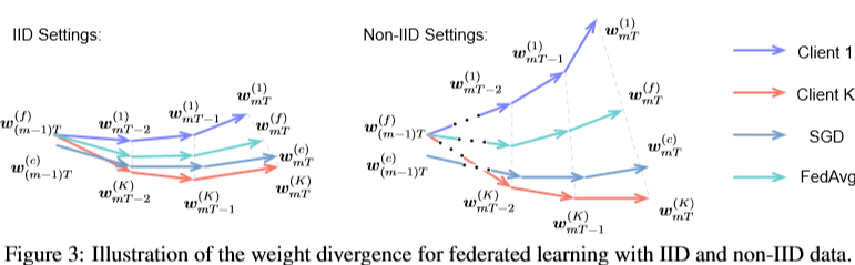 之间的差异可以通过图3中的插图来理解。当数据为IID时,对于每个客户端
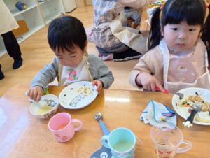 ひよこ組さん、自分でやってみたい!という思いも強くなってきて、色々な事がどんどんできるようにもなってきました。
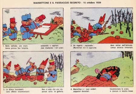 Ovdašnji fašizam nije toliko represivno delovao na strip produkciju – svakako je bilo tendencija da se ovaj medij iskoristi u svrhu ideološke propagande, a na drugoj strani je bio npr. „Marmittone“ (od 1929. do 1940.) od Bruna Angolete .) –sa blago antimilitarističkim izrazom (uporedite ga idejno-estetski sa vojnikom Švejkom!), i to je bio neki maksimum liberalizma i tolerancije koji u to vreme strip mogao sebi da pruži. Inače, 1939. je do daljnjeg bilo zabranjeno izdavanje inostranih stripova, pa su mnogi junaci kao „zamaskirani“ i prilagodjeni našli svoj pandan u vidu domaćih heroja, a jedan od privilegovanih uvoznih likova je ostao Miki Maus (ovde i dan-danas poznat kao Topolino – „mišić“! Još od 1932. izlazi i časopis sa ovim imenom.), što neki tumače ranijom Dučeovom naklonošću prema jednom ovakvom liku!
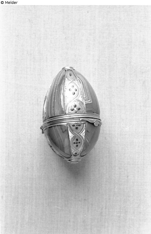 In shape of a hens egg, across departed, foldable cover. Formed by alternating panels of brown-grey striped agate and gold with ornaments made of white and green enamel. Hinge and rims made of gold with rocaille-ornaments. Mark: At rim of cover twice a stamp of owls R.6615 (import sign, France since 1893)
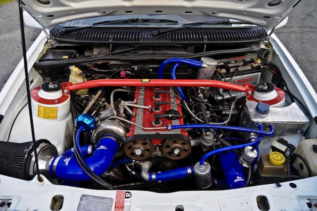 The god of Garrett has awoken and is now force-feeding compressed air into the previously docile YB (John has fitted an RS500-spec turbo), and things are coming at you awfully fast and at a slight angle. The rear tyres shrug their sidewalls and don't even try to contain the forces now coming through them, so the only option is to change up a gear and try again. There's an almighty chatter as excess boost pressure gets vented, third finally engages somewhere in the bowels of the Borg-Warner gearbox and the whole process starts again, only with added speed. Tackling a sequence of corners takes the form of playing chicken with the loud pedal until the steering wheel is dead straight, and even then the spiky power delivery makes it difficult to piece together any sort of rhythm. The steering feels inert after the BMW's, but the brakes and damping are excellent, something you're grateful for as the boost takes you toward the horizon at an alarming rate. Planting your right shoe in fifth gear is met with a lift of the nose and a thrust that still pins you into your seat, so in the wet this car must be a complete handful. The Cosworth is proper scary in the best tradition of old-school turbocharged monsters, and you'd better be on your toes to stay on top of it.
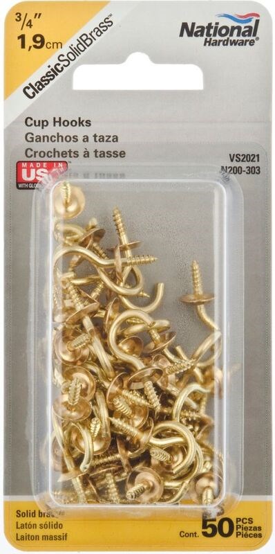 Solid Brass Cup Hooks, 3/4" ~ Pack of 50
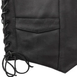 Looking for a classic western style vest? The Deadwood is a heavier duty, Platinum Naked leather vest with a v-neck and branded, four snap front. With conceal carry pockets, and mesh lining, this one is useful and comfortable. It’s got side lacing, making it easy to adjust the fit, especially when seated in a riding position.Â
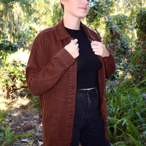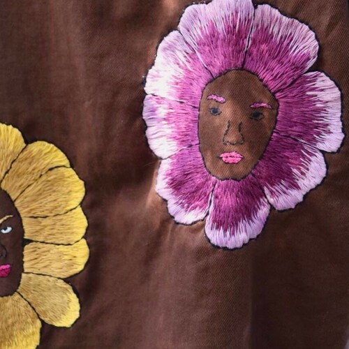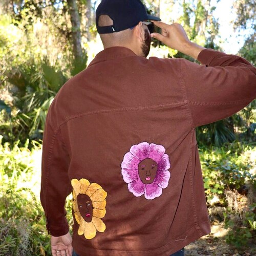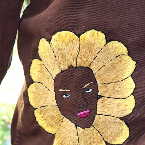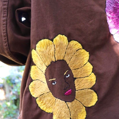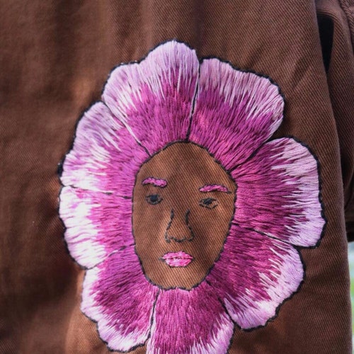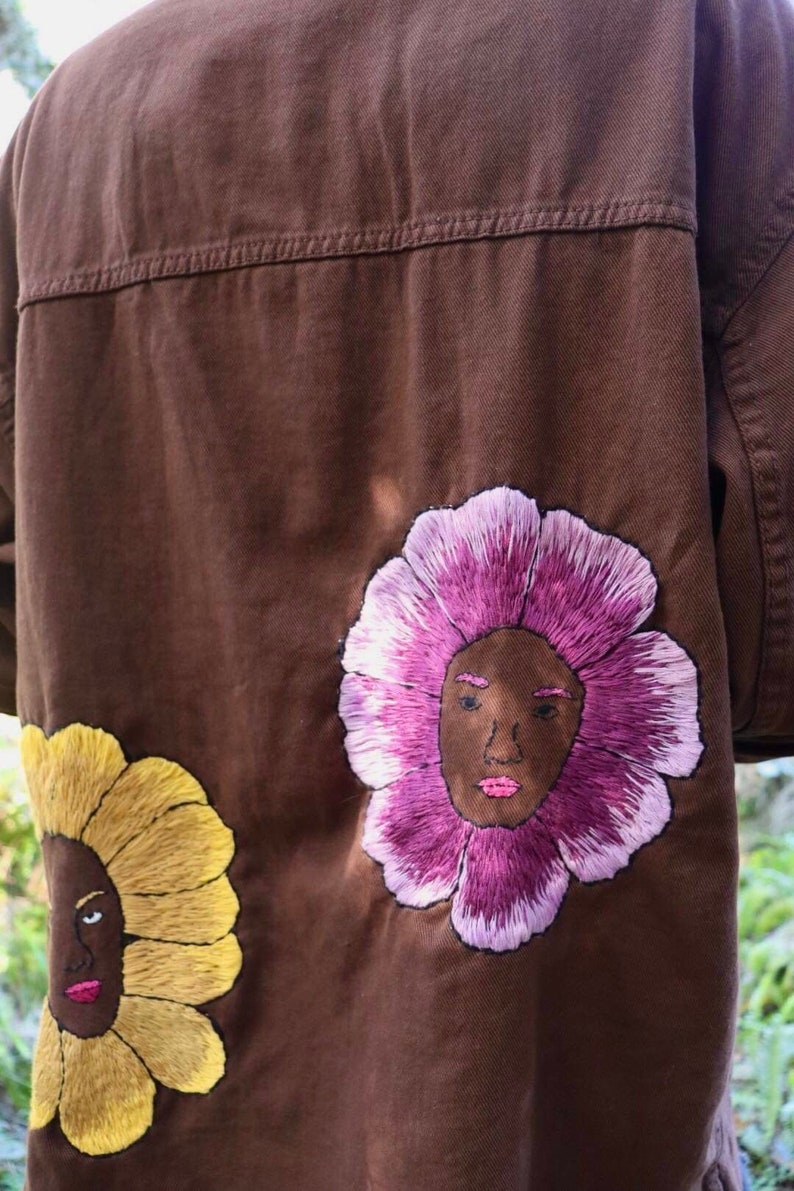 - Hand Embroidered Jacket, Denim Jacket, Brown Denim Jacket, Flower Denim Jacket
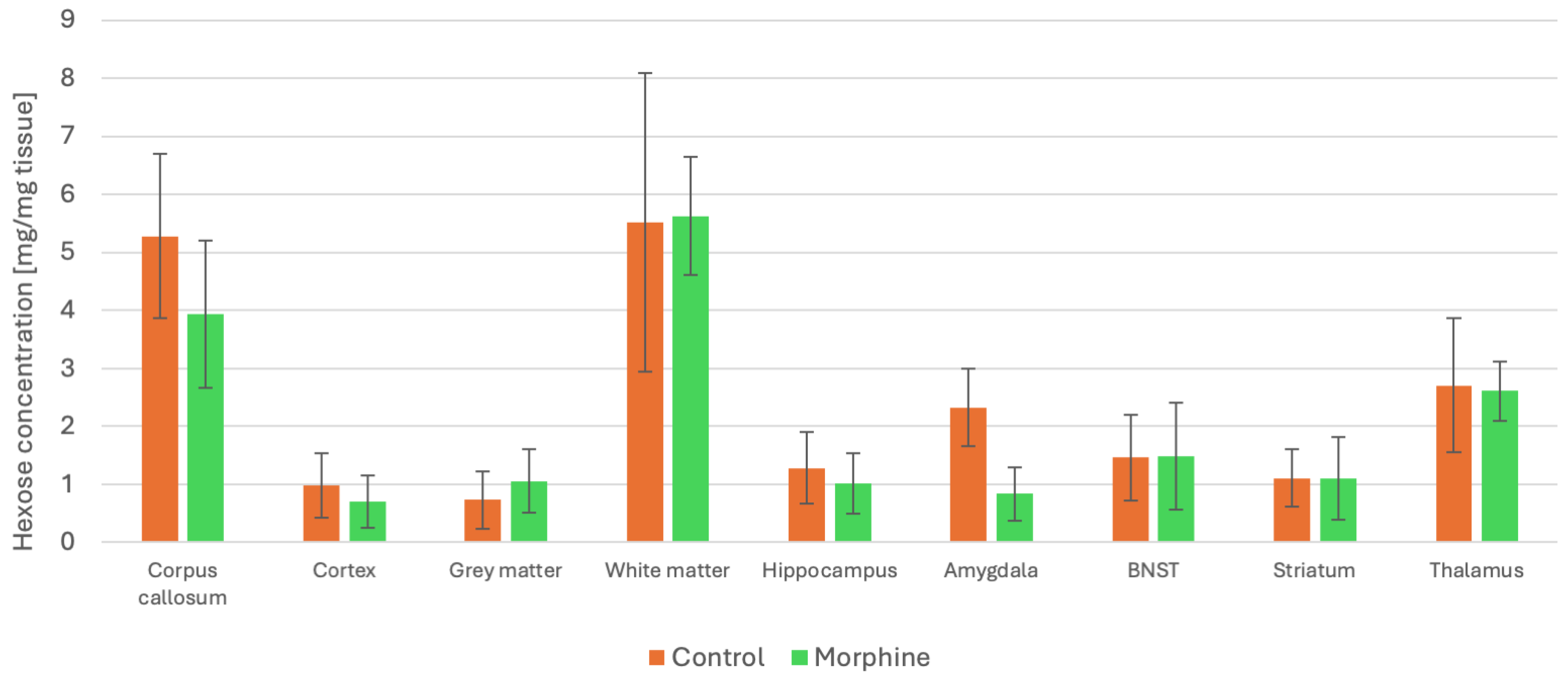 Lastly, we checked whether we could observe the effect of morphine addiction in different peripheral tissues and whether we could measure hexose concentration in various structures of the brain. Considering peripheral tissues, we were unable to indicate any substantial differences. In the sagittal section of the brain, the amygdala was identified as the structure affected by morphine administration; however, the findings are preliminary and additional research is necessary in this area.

-------------------------

# Activity
Any pictures should be dropped; transcribe the rest of the records above exactly.

# Answer for the task
 之间的差异可以通过图3中的插图来理解。当数据为IID时,对于每个客户端
 ひよこ組さん、自分でやってみたい!という思いも強くなってきて、色々な事がどんどんできるようにもなってきました。
 Ovdašnji fašizam nije toliko represivno delovao na strip produkciju – svakako je bilo tendencija da se ovaj medij iskoristi u svrhu ideološke propagande, a na drugoj strani je bio npr. „Marmittone“ (od 1929. do 1940.) od Bruna Angolete .) –sa blago antimilitarističkim izrazom (uporedite ga idejno-estetski sa vojnikom Švejkom!), i to je bio neki maksimum liberalizma i tolerancije koji u to vreme strip mogao sebi da pruži. Inače, 1939. je do daljnjeg bilo zabranjeno izdavanje inostranih stripova, pa su mnogi junaci kao „zamaskirani“ i prilagodjeni našli svoj pandan u vidu domaćih heroja, a jedan od privilegovanih uvoznih likova je ostao Miki Maus (ovde i dan-danas poznat kao Topolino – „mišić“! Još od 1932. izlazi i časopis sa ovim imenom.), što neki tumače ranijom Dučeovom naklonošću prema jednom ovakvom liku!
 In shape of a hens egg, across departed, foldable cover. Formed by alternating panels of brown-grey striped agate and gold with ornaments made of white and green enamel. Hinge and rims made of gold with rocaille-ornaments. Mark: At rim of cover twice a stamp of owls R.6615 (import sign, France since 1893)
 The god of Garrett has awoken and is now force-feeding compressed air into the previously docile YB (John has fitted an RS500-spec turbo), and things are coming at you awfully fast and at a slight angle. The rear tyres shrug their sidewalls and don't even try to contain the forces now coming through them, so the only option is to change up a gear and try again. There's an almighty chatter as excess boost pressure gets vented, third finally engages somewhere in the bowels of the Borg-Warner gearbox and the whole process starts again, only with added speed. Tackling a sequence of corners takes the form of playing chicken with the loud pedal until the steering wheel is dead straight, and even then the spiky power delivery makes it difficult to piece together any sort of rhythm. The steering feels inert after the BMW's, but the brakes and damping are excellent, something you're grateful for as the boost takes you toward the horizon at an alarming rate. Planting your right shoe in fifth gear is met with a lift of the nose and a thrust that still pins you into your seat, so in the wet this car must be a complete handful. The Cosworth is proper scary in the best tradition of old-school turbocharged monsters, and you'd better be on your toes to stay on top of it.
 Solid Brass Cup Hooks, 3/4" ~ Pack of 50
 Looking for a classic western style vest? The Deadwood is a heavier duty, Platinum Naked leather vest with a v-neck and branded, four snap front. With conceal carry pockets, and mesh lining, this one is useful and comfortable. It’s got side lacing, making it easy to adjust the fit, especially when seated in a riding position.Â
 - Hand Embroidered Jacket, Denim Jacket, Brown Denim Jacket, Flower Denim Jacket
 Lastly, we checked whether we could observe the effect of morphine addiction in different peripheral tissues and whether we could measure hexose concentration in various structures of the brain. Considering peripheral tissues, we were unable to indicate any substantial differences. In the sagittal section of the brain, the amygdala was identified as the structure affected by morphine administration; however, the findings are preliminary and additional research is necessary in this area.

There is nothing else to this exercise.